Though there is no dearth of laws in the country, what many believe are also lacking are diligent prosecution and the political will to move against the powerful and influential people who contravene the law.

 While in most developed countries, the high and mighty are prosecuted and appropriately convicted and sentenced to prison, the same cannot be said of Nigeria where the rich and famous frequently compromise the law enforcement officers and the judiciary to evade arrest, prosecution and conviction.

Though Ekweremadu and his wife were denied bail in the UK, influential people like them who commit more heinous crimes in Nigeria, including murder, manslaughter and those who stole public funds, or commit other financial crimes are granted bail and allowed to walk the streets freely when they are supposed to be behind bars.

 Many Nigerians are aware that it was in order to enhance the justice sector delivery system to impact the quality of justice and avoid delays in the adjudicatory process in the country that the Administration of Criminal Justice Act was signed into law in 2015.

But eight years after, there has not been any improvement in the country’s criminal justice system, especially when the rich is involved.

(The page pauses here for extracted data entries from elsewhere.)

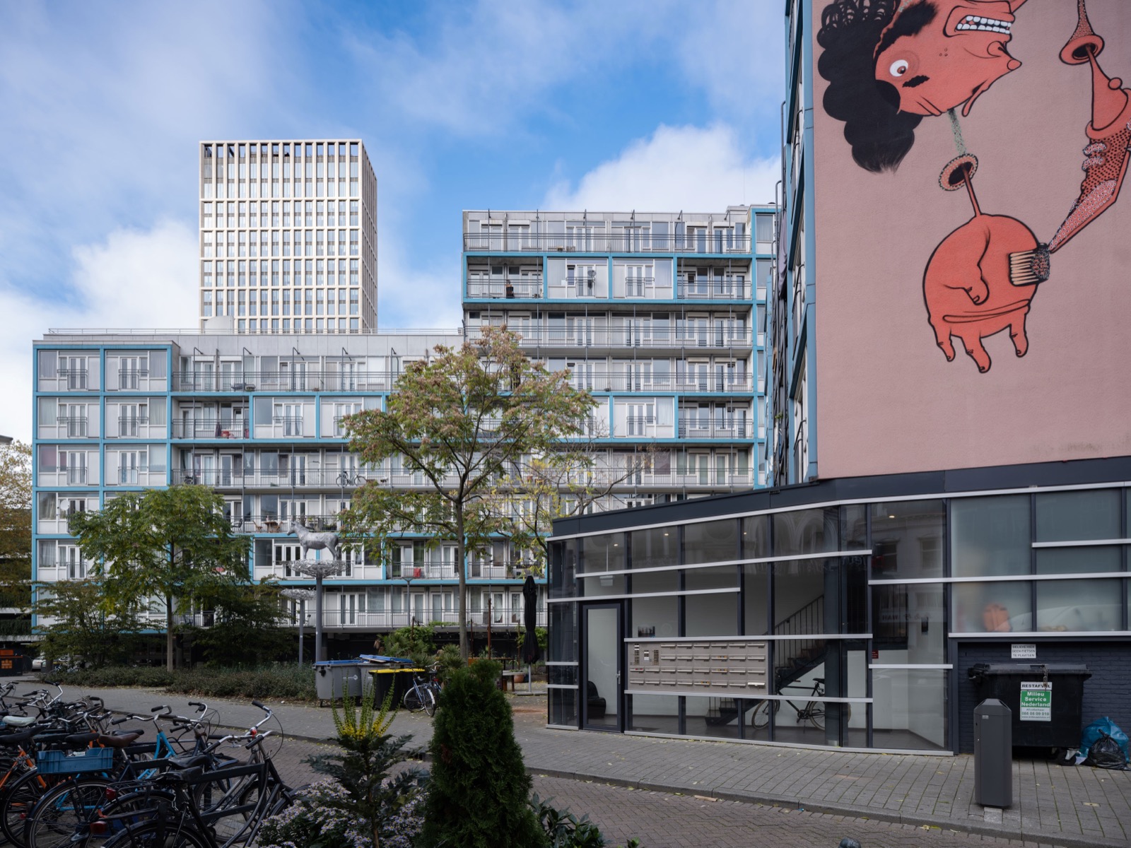 Architecten als Mecanoo, DKV en Girod & Groeneveld zorgden midden jaren tachtig voor een vernieuwing van de stadsvernieuwing. Met modern materiaalgebruik en abstracte vormgeving weken ze af van de standaard architectuur met zijn karakteristieke erkertjes, balkonnetjes en dakjes. Ook dit project is optimistisch en vernieuwend door het gebruik van glazen bakstenen, afwijkend roze gekleurd stucwerk, metalen hekwerk en een zichtbare betonconstructie.
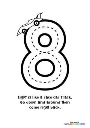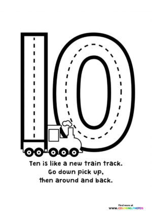 Free Trace numbers coloring pages. Download the whole book as pdf or seperate pages and numbers. Free and easy to print, color and learn.
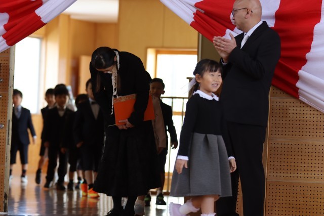 本日、第8回入学式を挙行いたしました。25名のかわいい新1年生を迎えました。校長式辞や来賓祝辞での「入学おめでとう」の言葉に元気よく「ありがとうございます!」と応えてくれた子どもたちでした。明日から友だちと、2~6年生のお兄さんお姉さんと、先生たちと仲良く協力して「笑顔いっぱい やる気いっぱい」な小学校生活を送ってほしいです。
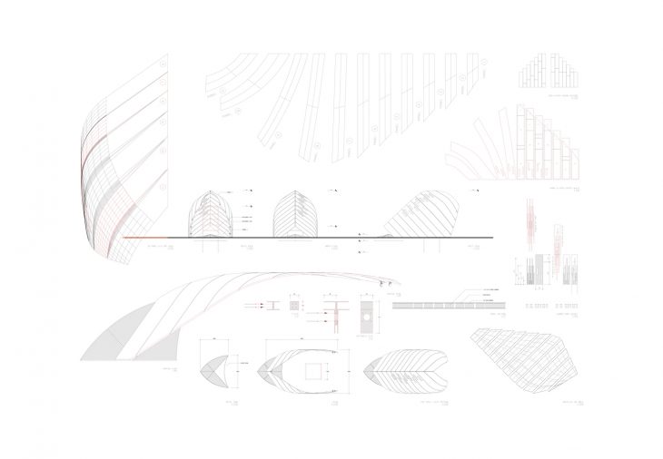 The Steam Canoe structure was achieved with a combination of computer assisted parametric geometry, manual cutting of the computer generated forms and innovative experimental production combining the traditional process of rolling Press Laminated Timber Panels with a new mechanical fastening technology called GRIP Metal, a type of “metal velcro,” applied in the form of continuous thin-gauge sheet metal layers, with grip hooks on both faces of the sheet.
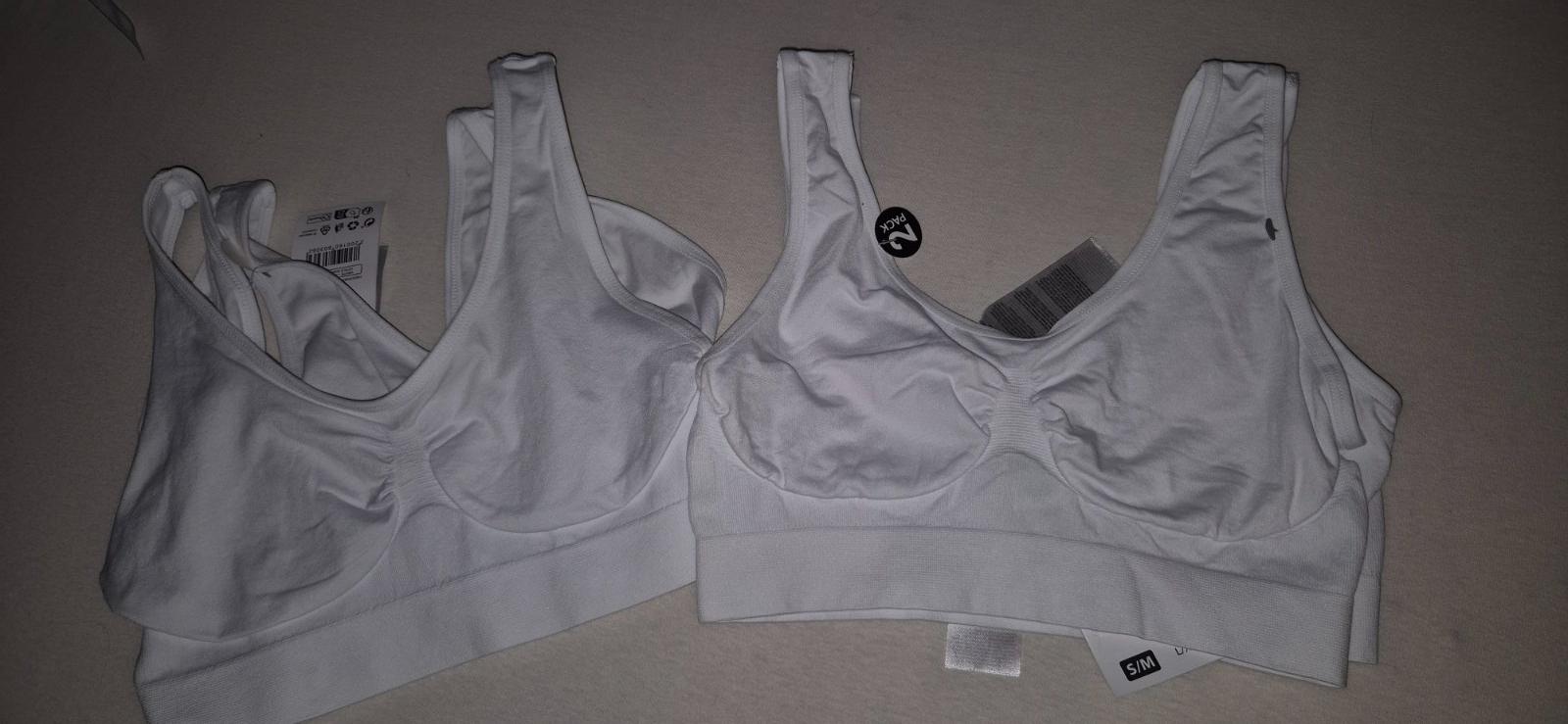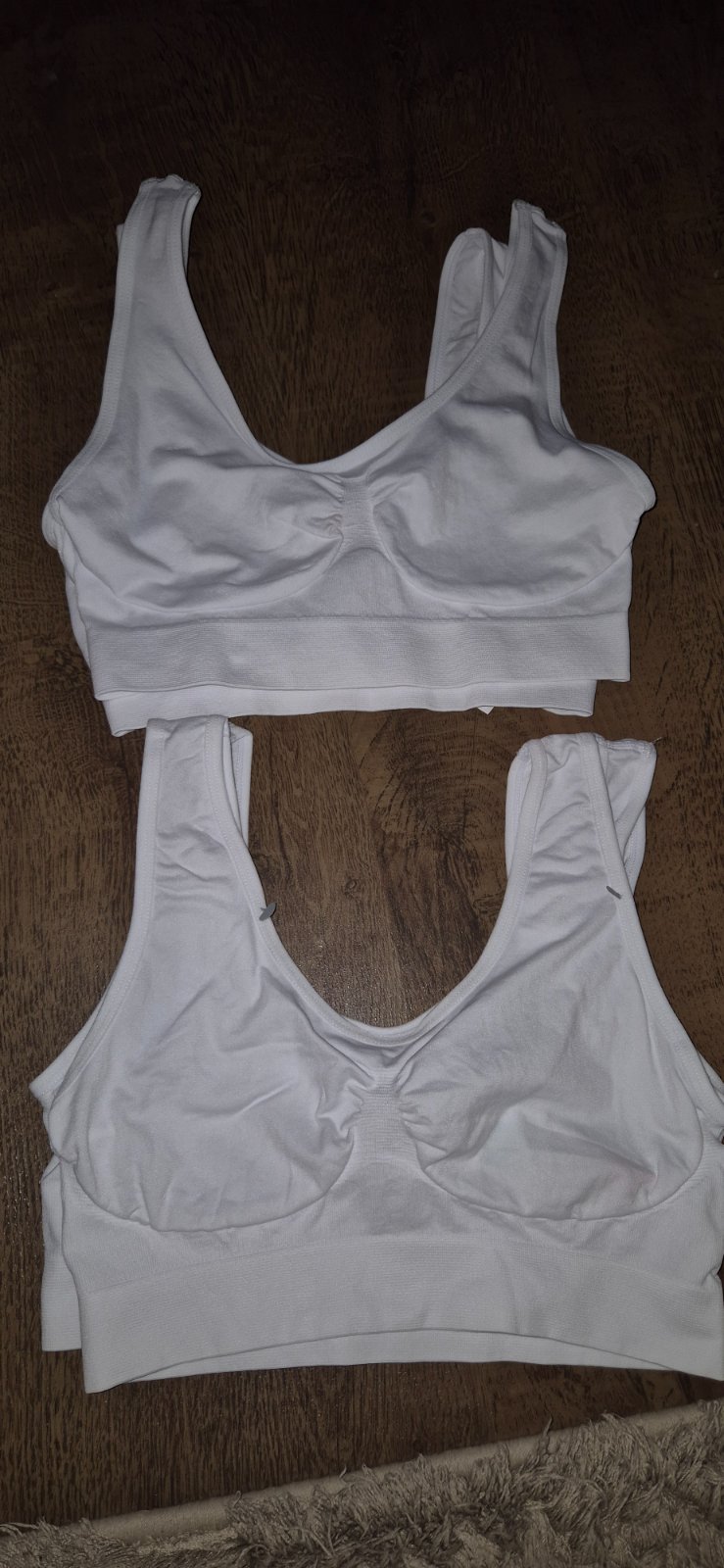 Biela lambada - zavinovacia podprsenka. Pohodlná, pružná, netlačí, ale podrží čo má. Veľkosť na 34/36/38. (18/17)

 While the poor languish in prison without trial for minor offences, the rich who commit grievous crimes were either given a slap on the wrist or granted bail to enjoy their freedom.

It is only Nigeria that the court will put the rich behind bars, and a superior court will grant him bail or acquit him totally.

This is why many feel that if Ekweremadu’s case had taken place in the country, the case would have remained in court indefinitely, without any conviction of the accused persons.

This calls to question the faulty administration of criminal justice system in Nigeria by dubious law enforcement officers, corrupt senior lawyers and compromised judges.

Human rights lawyer and Senior Advocate of Nigeria (SAN), Femi Falana had since identified this flaw, when he raised the alarm that Nigeria operates a double criminal justice system – one for the rich and one for the poor.

 In a paper titled: ‘The Danger of Unequal Criminal Justice System in Nigeria,’ which he presented recently  at the Law Week of the Epe Branch of the Nigerian Bar Association (NBA), Lagos, Falana argued that apart from two former governors namely, Messrs Joshua Dariye of Plateau State and Jolly Nyame of Taraba State, the list of persons convicted for corruption was made of lowly placed individuals in the society, adding that owing to abuse of court process, rich defendants have continued to frustrate their prosecution with the connivance of some senior lawyers.

According to Falana, “By virtue of section 17 (2) (a) of the Constitution of Nigeria 1999 (as amended), every citizen shall have equality of rights, obligations and opportunities before the law.

“But in practice, the rich and poor defendants are not treated equally by Nigerian courts. Apart from the fact that rich litigants have the means to hire the services of the best lawyers in any area of the law, the courts are manned by judges who are not neutral in the class struggle being waged daily by the Nigerian people.”

The world will continue to mock the Nigerian judiciary and their compromised judgments until judges start delivering, fair, just and transparent judgments speedily and treat all Nigerians equally, irrespective of class.